While many tree-house designers focus on providing a space just for adults or just for kids, the TreeHouse Co. in Kilmarnock, Scotland, has experience in designs that cater to all ages. A few years ago, a project in Fife, Scotland, called for a tastefully designed tree house that would appear to grow out of a 500-year-old lightning-struck cedar tree. On top of that challenge, the TreeHouse Co. designers needed to create both a play space for the children as well as an entertaining area for the adults.

They constructed a 45-foot spire with cedar shingles, a copper turret, a side deck, two staircases with multilevel verandas, and a zip slide—all for the enjoyment of the youth. For the parents, they built a deck under the canopy of another nearby tree and adjoined the entire structure with a bridge. As a result, the adults can enjoy their roughly $90,000 investment in the company of friends while keeping a watchful eye on their kids.

Fit for a duchy
When the Duke and Duchess of Northumberland laid out plans to create the largest public gardens in all of Europe at Alnwick Castle, they commissioned the TreeHouse Co. to create a gigantic tree house that would be home to a 120-seat restaurant, a retail shop, two classrooms, and two private dining rooms. Opened in January, 2005, the Treehouse at Alnwick Gardens is a labyrinth of turrets, treetop walkways, and cavernous spaces. At 6,000 square feet, it's one of the largest wooden tree houses in the world.

The price? $6 million.

Tree houses aren't just for the home either. People seeking an adventurous Swiss Family Robinson-style getaway without the pricey investment can look for hotels among the branches.

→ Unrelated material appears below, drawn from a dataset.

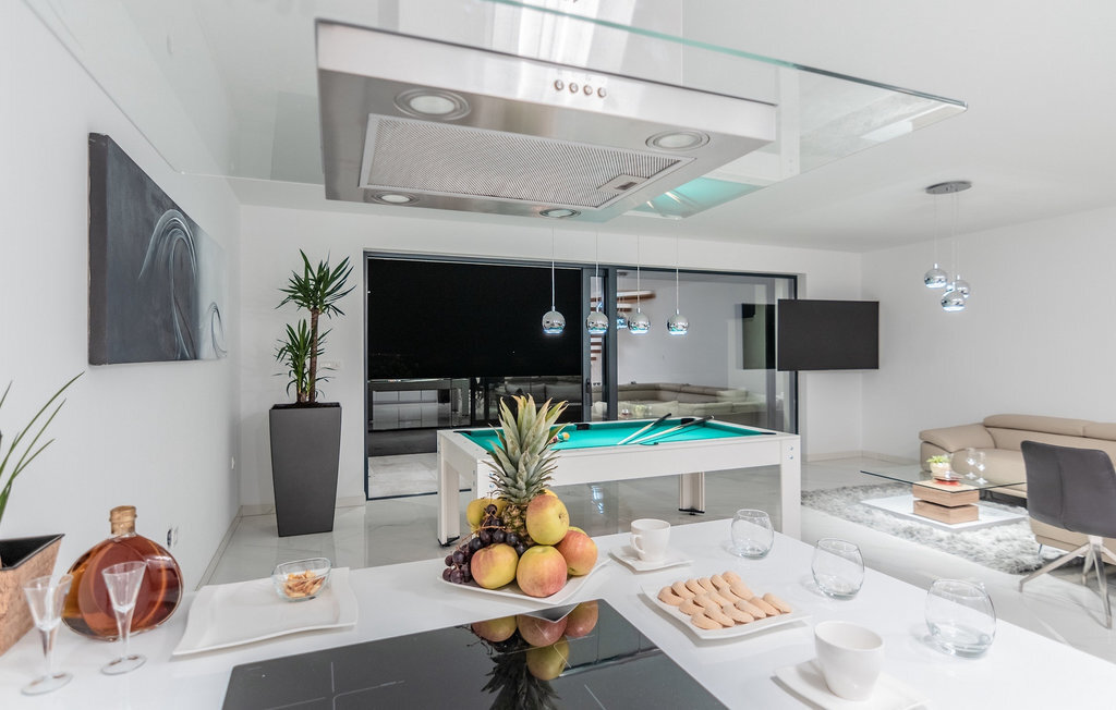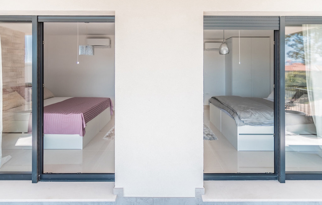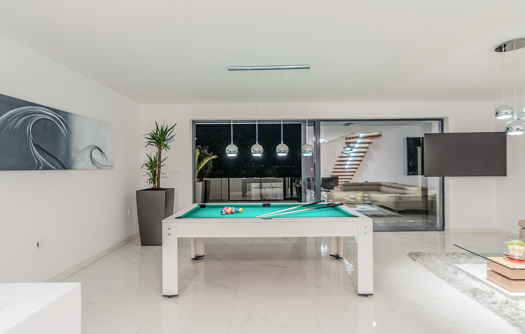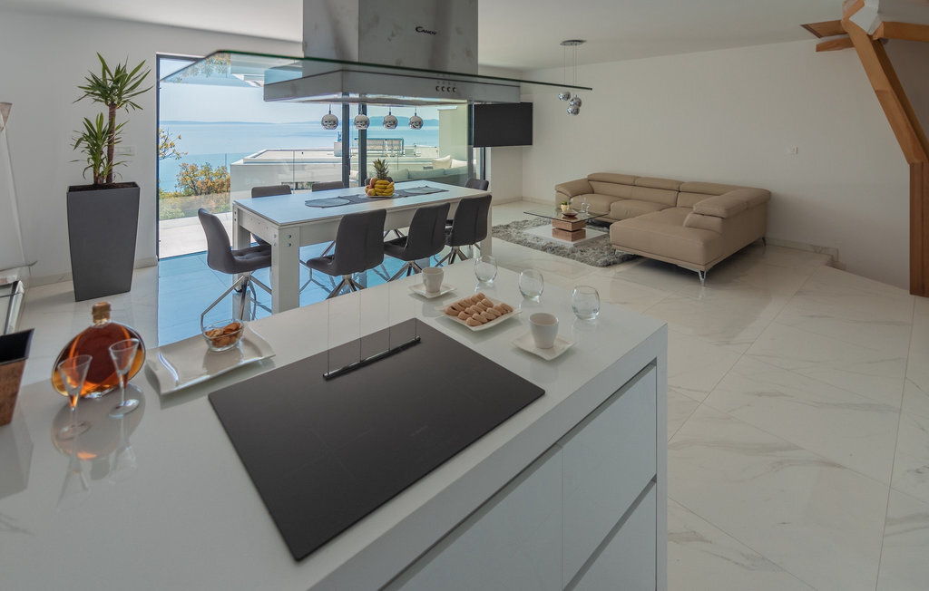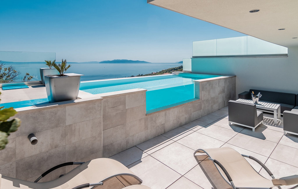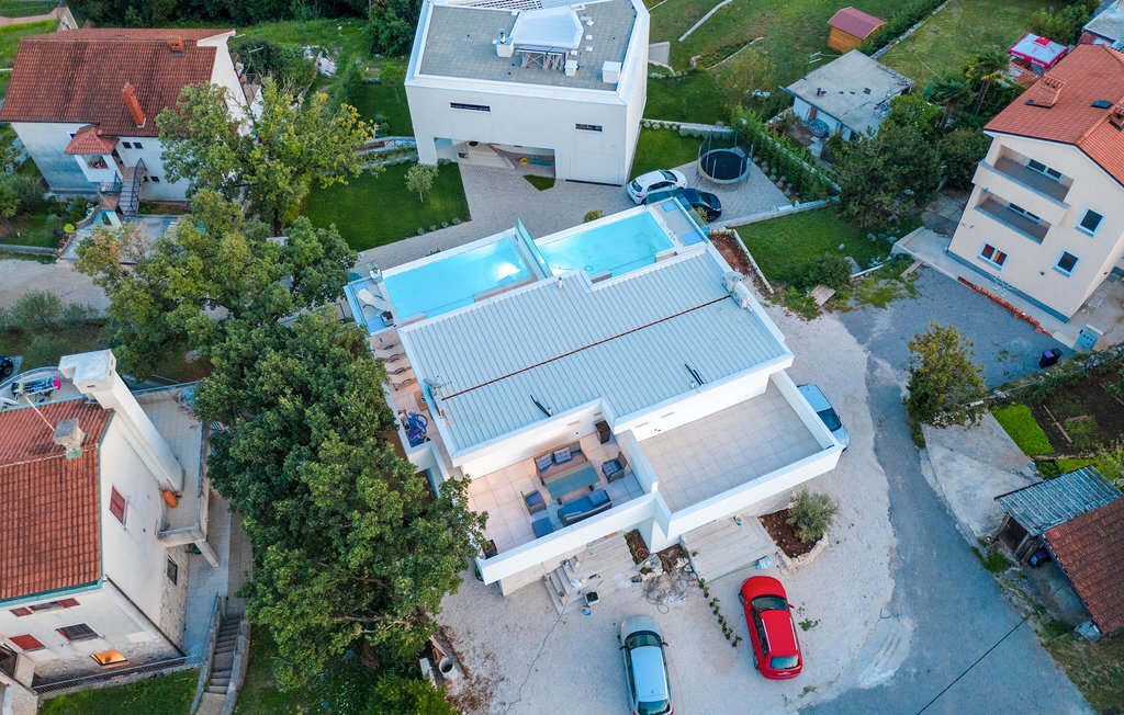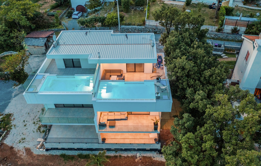 La villa est divisée en trois niveaux. Au rez-de-chaussée se trouvent deux chambres à lit double, chacune avec sa propre salle de bain avec douche, télévision et climatisation. Au premier étage se trouvent un salon et une salle à manger modernes avec une cuisine et une salle de bain. La table à manger peut facilement être transformée en table de billard. Au même étage, il y a une chambre supplémentaire pour deux enfants plus sur demande. L'imposant escalier en bois mène à une autre chambre avec un lit double au deuxième étage. La chambre dispose d'une salle de bain privée, d'une télévision et de la climatisation. Chaque étage de cette villa dispose d'une terrasse où vous pourrez profiter du soleil ou du ciel étoilé en famille ou entre amis. Vous ne quitterez qu'à regret la piscine sur le toit de la villa, qui vous invite à nager au-dessus des nuages de la baie de Kvarner.

In the heart of the Aberdares National Park in Kenya, visitors to the Treetops Hotel pay about $80 per night for rooms built atop stilts and entwined with trees. The hotel is a great pit stop for safaris, as numerous observation lounges and balconies look onto the favorite watering holes of nearby rhinos, elephants, lions, and warthogs.

If you want to see life like the Korowai and Kombai natives of Papua, Indonesia, who live in huts built 80-160 feet off the ground for protection, book a night in the Mount Rainer (Wash.) Cedar Creek Treehouse -- a retreat that takes visitors to new heights. Designed and constructed by Bill Compher in 1982, the bed and breakfast is a cabin perched 50 feet off the ground in an enormous redwood tree, and includes double bedroom, fully equipped kitchen, and observation room for $250 a night.